Steven Kistler
Quick Facts
Biography
Samuel Stephens Kistler (March 26, 1900 – November 1975) was an American scientist and chemical engineer, best known as the inventor of aerogels, one of the lightest known solid materials.
Kistler, the son of a shop keeper, was born in the small town of Cedarville in the far Northeastern corner of California. The family moved to the larger Santa Rosa when Kistler was 12, where he first became interested in chemistry. When he entered the College of the Pacific in 1917 however, his plan was to learn to play the cello, then pursue a degree in agriculture. Instead he ended up taking every science course available, and after three years he moved to Stanford University and obtained a B.A. in chemistry, followed by a chemical engineering degree. He never did learn to play the cello. After a brief spell working for the Standard Oil Company of California, he returned to academia, teaching chemistry at the College of the Pacific until 1931, when he transferred to the University of Illinois.
The exact circumstances of the creation of the first aerogels are not well recorded. A popular story is that they resulted from a competition between Kistler and one Charles Learned "to see if they could replace the liquid inside of a jelly jar without causing any shrinkage". Whether these experiments were performed at the College of the Pacific, still with limited facilities following the move in 1923 to the new Stockton campus, or at Stanford where Kistler began pursuing a doctorate in 1927, is a source of some confusion. Either way, in 1931 Kistler published a paper in Nature (vol. 127, p. 741) titled "Coherent Expanded Aerogels and Jellies".
He left his teaching post at the University of Illinois in 1935, and signed a contract with Monsanto Company in the early 1940s to start developing granular silica aerogel products under the trademark Santocel.
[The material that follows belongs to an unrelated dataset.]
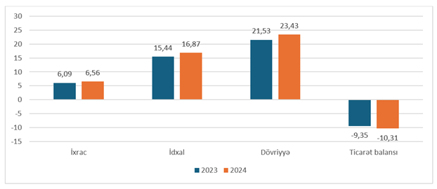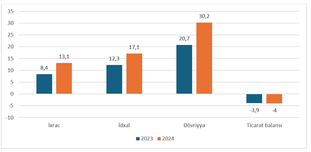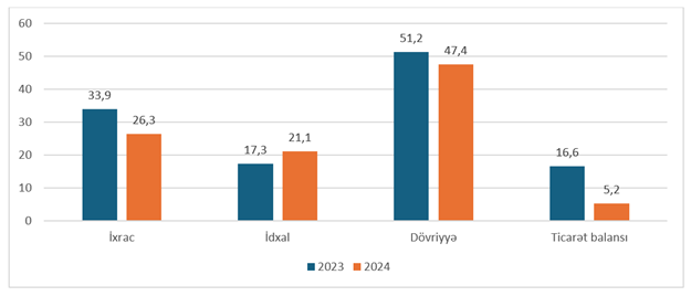 در سال 2024، گردش مالی تجارت خارجی آذربایجان به 47.4 میلیارد دلار رسید. صادرات 26.3 میلیارد دلار یا 55.6٪ از گردش مالی تجارت را تشکیل میداد، در حالی که واردات 21.1 میلیارد دلار یا 44.4٪ را تشکیل میداد (نمودار 1). در نتیجه، تراز تجاری خارجی مثبت 5.2 میلیارد دلار تشکیل شد. در مقایسه با سال 2023، گردش مالی تجارت خارجی 8٪، صادرات 23٪ و واردات 18٪ کاهش یافت.

Largely used as a flattening agent in paints and for similar uses, the line was discontinued by Monsanto in 1970, probably due to the high cost of manufacture and competition from newer products. Kistler had returned to teaching however, taking up a position as Dean of Engineering at the University of Utah in 1952. He died in 1975, shortly before the resurgence of interest in aerogels caused by the discovery of a less time consuming method of manufacture by researchers led by Stanislaus Teichner in France.